Out on the gallops, they stride up twice, gallops rolled by three tractors and rollers before their second gallop, all riders giving the thumbs up as they pass by where Aidan waits. “All good, Aidan, ” multiplied many times.

“I see things through rose-tinted glasses, you see reality!” He says as he is asked for names that might the ones to watch for the season.

It has all the makings of a fine season, though. Strong on the older horses, a good crew of three-year-olds with top class form from last year.

Luxembourg, Point Lonsdale, Tenebrism, Emily Dickenson head the older horses in the unfortunate absence of Kyrios who has a nasty joint inflammation that has yet to settle down, robbing him of going on the Yeats route to four Gold Cups at Ascot.

The Caravaggio filly Tenebrism may bid for a famous double at Royal Ascot in the King’s Stand and Diamond Jubilee. Emily Dickenson could be Cup bound, “she grew another leg over the trip” when moved up in distance. Broome may not see out the Ascot marathon but there are other Cups to be won after his Dubai win. Bolshoi Ballet will step up in trip.


The legacy of Northern Dancer, through Sadler’s Wells, is never far away and still visible in the imposing statues of Nijinsky and Yeats, but time and bloodlines are moving on, Galileo is becoming less prevalent.

It takes a while to figure out who LK is on the list of sire names behind each horse. Multiple Group 1 winner Winter spent some winters in Japan and her daughter by Japan’s top sprinter Lord Kanoloa, Beginnings, gets a favourable mention. There’s many by No Nay Never and some Quality Roads among the sires. Last season Aidan was in Justify’s branded merchandise, today it’s Blackbeard.

A UK journalist went on record last summer to comment - “I haven’t been encouraged by Ballydoyle’s latest juvenile crop,” and continued “jury still out as to whether Aidan O’Brien juveniles can salvage a muddling season.”


It could have stood just behind Alan Hansen’s pre-season “You can’t win anything with kids” pronouncement about Manchester United back in 1995, in how wide of the mark it would subsequently look.

The ‘kids’ stepped up to the task in style. Blackbeard took the Middle Park, Auguste Rodin took the Vertem Futurity and the Breeders’ Cup raiding party came back with Victoria Road and Meditate adding to the Grade 1 haul as Juvenile Turf champions.

And all the while Little Big Bear rested on his laurels, having done enough in his three wins to take the top two-year-old award. File it alongside another more Irish sport statement. “What do ya think of that, Joe Brolly?”

Among the other two-year-olds of 2022, the unbeaten Justify filly Statuette, caught the eye visually and by her performances last summer. She is on the easy list, just cantering behind the string in the second lot but the colts are primed and getting ready. Meditate looks good among these too and will head to Newmarket.

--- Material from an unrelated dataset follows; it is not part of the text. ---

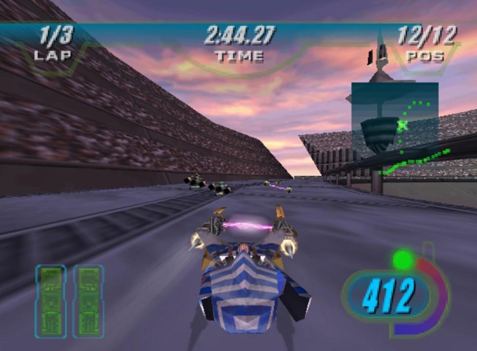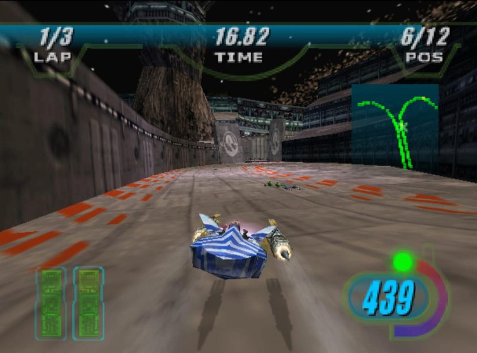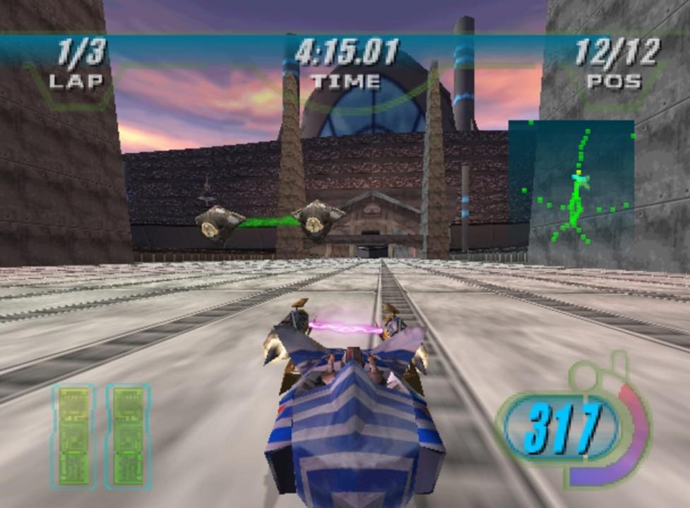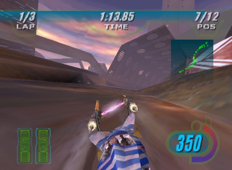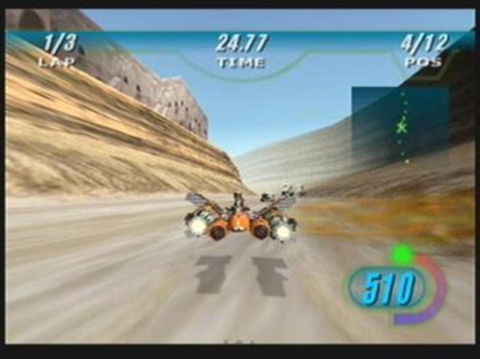 Star Wars: Episode 1 - Racer lets you participate in the famous pod race sequence that was the critical highlight of the film Star Wars: Episode I, The Phantom Menace back in 1999. Take the controls as Jedi-to-be Anakin Skywalker or any one of over 20 pod racers. These lightning-quick vehicles are capable of reaching simulated speeds of up to 600 miles per hour while skimming a mere 4 feet above the ground. Feel the full-force blast while avoiding hazards such as methane lakes, meteor showers, and the notorious Tusken Raiders. You can race alone or against a friend in split-screen mode on more than 21 courses that span over 8 different worlds. This level of customization adds excellent replay value.

Auguste Rodin is the obvious one to entrance his trainer, “he is some mover”, as he goes up the gallops. As always, Aidan is asked of a Triple Crown bid. “If we have a horse capable of doing the Triple Crown, he’s the one.” Wednesday’s winner Drumroll didn’t even get a mention!

Second lot may need to prepare for some fireworks at Epsom but they are well used to listening to TodayFM’s Dermot and Dave Show piped into the arena.

More knocking down and rebuilding is planned for this summer, the next set of two-year-olds are being named and one on the ball media man snaps the latest names list as Aidan looks though it. It’s a list of 10 No Nay Nevers. Alabama is the name that is taken away, a half-brother to Sioux Nation.

There’s one called His Majesty, might he be going to Britain in the summer to be crowned? A new King, but it’s the same challenges in this kingdom.

To the down the string of horses… the circle continues.